ReLU is arguably the simplest activation function of all: it simply returns a 0 for any input less than zero, and otherwise the input itself. In other words, it rectifies negative inputs into zeros. ReLU is useful for the training stability of hidden layers because it circumvents the vanishing gradient problem.

Look back at that sigmoid function from earlier and notice how at the far left and far right, it plateaus. Uh oh. Remember, plateaus like that break backpropagation. What actually happens here is that since computers represent decimal numbers to a finite amount of precision, eventually a number that is very close to zero becomes a zero. Thus a neuron “dies”: its error gradient is 0, and so it stops moving in either direction.

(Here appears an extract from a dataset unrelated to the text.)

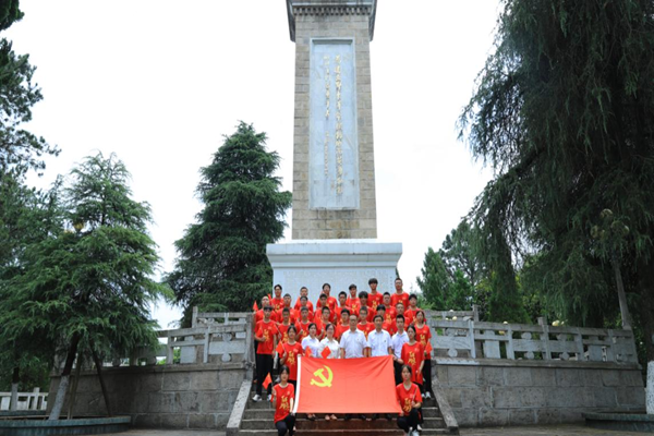 师生一行来到烈士墓碑前,学工党支部组织委员黄丽为同学们讲述了革命先烈龙头大爷——刘天元不屈服国民党反动派慷慨赴义的故事。纪检委员任帆带领支部成员及预备党员在革命英雄纪念碑前重温入党誓词。
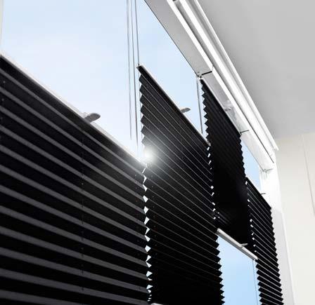Med plisségardiner i innglassingens luker skapes en designet helhet. Våre plisségardiner har toveisfunksjon, noe som betyr at de kan plasseres hvor som helst i luken. Den brettede tekstilen gir balkongen liv, og sammen med vårt slanke og rammefrie system blir plisségardinene en fin interiørdetalj.

ReLU suffers from this too of course since its error gradients for the entire negative spectrum of inputs are simply 0. However, in practice it still tends to exhibit far better stability than activation functions such as sigmoid. So if for example you are building a neural network to do classification, you would want the activation function on the final layer to be sigmoid or softmax, but for the hidden layers you should probably prefer ReLU for its training stability.

Leaky ReLU

Leaky ReLU is the same as ReLU except that it will keep negative values slightly negative, making it useful for avoiding the vanishing gradient problem of ReLU. This is done by simply multiplying the negative values by a smaller decimal such as 0.01.

Hyperbolic Tangent (Tanh)

Is similar to sigmoid, except its outputs range between -1 and 1 instead of 0 and 1. What’s more, the slope of this function is more extreme — literally hyperbolic — which makes the error gradients steeper and thus accelerates training. The flip side of this however is that its plateaus are more pronounced as well, making it more susceptible to the vanishing gradient problem. The hyperbolic tangent function is useful as an alternative to sigmoid that trains faster, when it works.

Identity Function

The identity function isn’t really a function so much as the lack of a function. This is useful for regression: if we want our outputs to run a full gamut of values then there really isn’t any point in warping or constraining that gamut. In this case we simply attach no activation function to our final layer, we take the outputs simply as they are.

Conclusion

This is a non-exhaustive list of the activation functions and their utilities. Additionally, there are many other nuances to activation functions, backpropagation, and gradient descent to be learned. If you want to dig deeper then I recommend Andrej Karpathy’s blog Yes you should understand backpropagation (which talks about issues such as vanishing gradients) and the Efficient BackProp paper by LeCun et al. However, this brief introduction should be more than sufficient to begin building some simple neural networks or fine-tuning pretrained models using libraries such as Keras, PyTorch, or TensorFlow. Thanks for reading!